Monday, June 20, 2011

If you go to Chelsea, I'll put this where the sun don't shine ...



Close season and time to take stock.

Where are we and where are we going to? Or more relevantly, where are Modric and Bale going to? The skies around White Hart Lane are filled with circling vultures, weighed down only marginally by bagfuls of dinars and rubles. The chances of us holding onto our prize assets – listed above in order of value – appear slight.

And where to then for Spurs, I ask?

Our flirtation with the Champions League proves that teams outside the Big 4 can compete with Europe’s best on the field – forget the Everton debacle in 2005 - but it also indicates that maybe teams outside the Big 4 cannot compete with Europe’s best off the field.

Our key players will be snapped up and we will go about our normal business of buying capable but limited-life internationals (think Gallas and Van der Vaart) just before transfer-window close. A reasonable short-term policy but not one that is likely to sustain a long term challenge to the aristocracy. Last year we had a moral victory by taking Manchester City’s place at the table but ultimately in the football game, avarice and greed win out. This year they took their place back, and now the Champions League will be graced with the class and grace of Mario Balotelli. Somehow, football aside, the change that has occurred this year is a depressingly repetitive tragedy.

So is money the only reason why next year we will be travelling to Lodz and Antwerp in the Europa League on a Thursday and playing a large portion of our Premier League games on a Sunday? Sadly probably not.

Harry Redknapp is a man who is to be admired for his forthright talking and his honesty, at least when it comes to matters concerning football.
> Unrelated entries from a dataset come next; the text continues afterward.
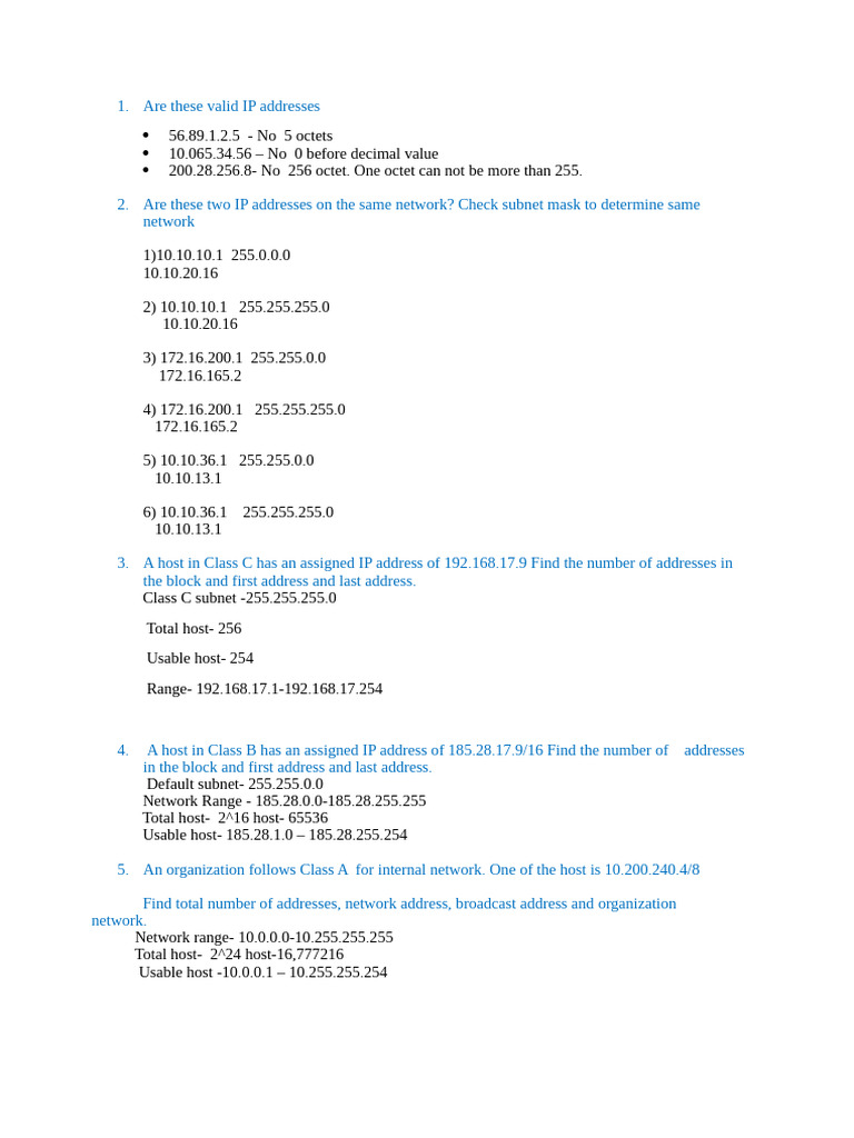 4. A host in Class B has an assigned IP address of 185.28.17.9/16 Find the number of addresses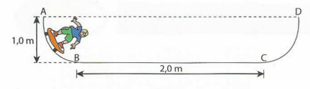 (UFU-MG - mod.) Um menino e seu skate, considerados uma única partícula, deslizam numa pista construída para esse esporte, como representado na figura abaixo. A parte plana e horizontal da pista mede 2,0 m e o menino parte do repouso do ponto A, cuja altura, em relação à base, é de 1,0 m. Considerando-se que há atrito somente na parte plana da pista e que o coeficiente de atrito cinético é 0,20, indique a alternativa correta.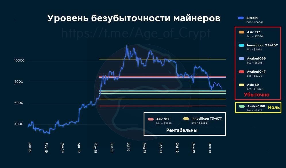 Самое время взглянуть на график цены биткоина и уровни безубыточности различных моделей асиков.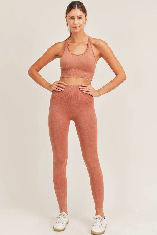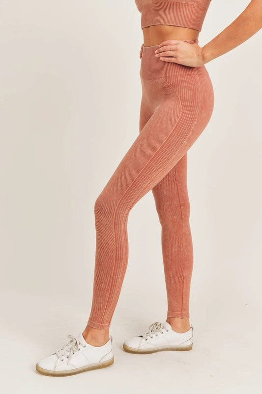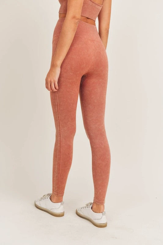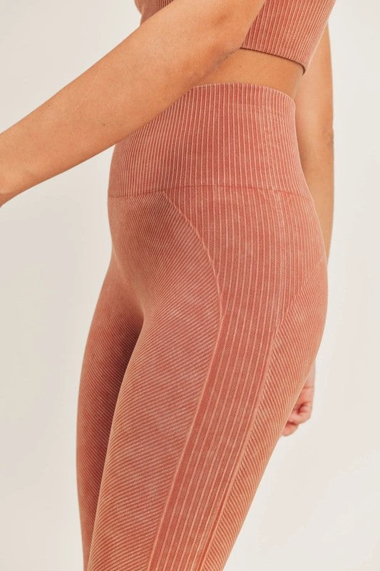 Mono B ribbed high waist leggings in mineral washed mocha mousse

Her Majesty’s tax officers may have a different view.

I am however very disappointed at his inability to get more from what is the largest squad in the Premier League (albeit only 26 can be named for use). This disappointment surfaced largely towards the end of the season and our performance in winning only one league game from 12 February to 15 May can best be described as appalling, and in other instances has resulted in teams being relegated.

Redknapp’s tactical dependence on Peter Crouch is worrying. So too some of his decisions to rest players as crucial league games approached – clearly his priorities were misguided and we were never going to win the Champions League. Surely a long-term strategy of CL participation year-in year-out has to be based on year-in year-out qualification?

But tactics and strategy aside, perhaps the most worrying facet of Harry Redknapp is what achieves him his greatest notoriety. Harry has “in his honest manner” always made no bones about the fact that he would be willing to move to greener pastures should the opportunity arise, and the fact that he moved on swiftly from Portsmouth when Spurs came knocking and he left a club in turmoil and financially irreparable, is a worrying observation. Done at a time when supposedly they achieved more on the field than they had done for years – strong parallels with Tottenham here. How many times have we heard Harry tell us that Spurs were bottom of the Premier League when he took over, and we have nothing to complain about when drawing at home against Blackpool, West Ham and the like.

I’m not saying I’m calling for England to come and take ‘Arry but I am saying that his repeated comments about what has been achieved to date stink of mediocrity; not to mind also being open to an interpretation that he is trying to abdicate on future accountability about taking us higher than the bottom half of the table. His posturing around the Modric Chelsea maneuverings have too much of a tone of “look what they’ve done to me now” about them, with hand held abjectly in the air in despair.

Look Harry, we all like you – to use your own parlance, you’re a diamond geezer – but let’s cut out the David O’Leary imitations and get on with the task of getting us back into the Champions League. If he goes, take to money for Modric and use it wisely; get rid of Crouch and other London-life hangers-on and show us you’re the guy we all thought you were - like Gladys Protheroe, a football genius.

Verdict – jury’s out. This could go eitherway.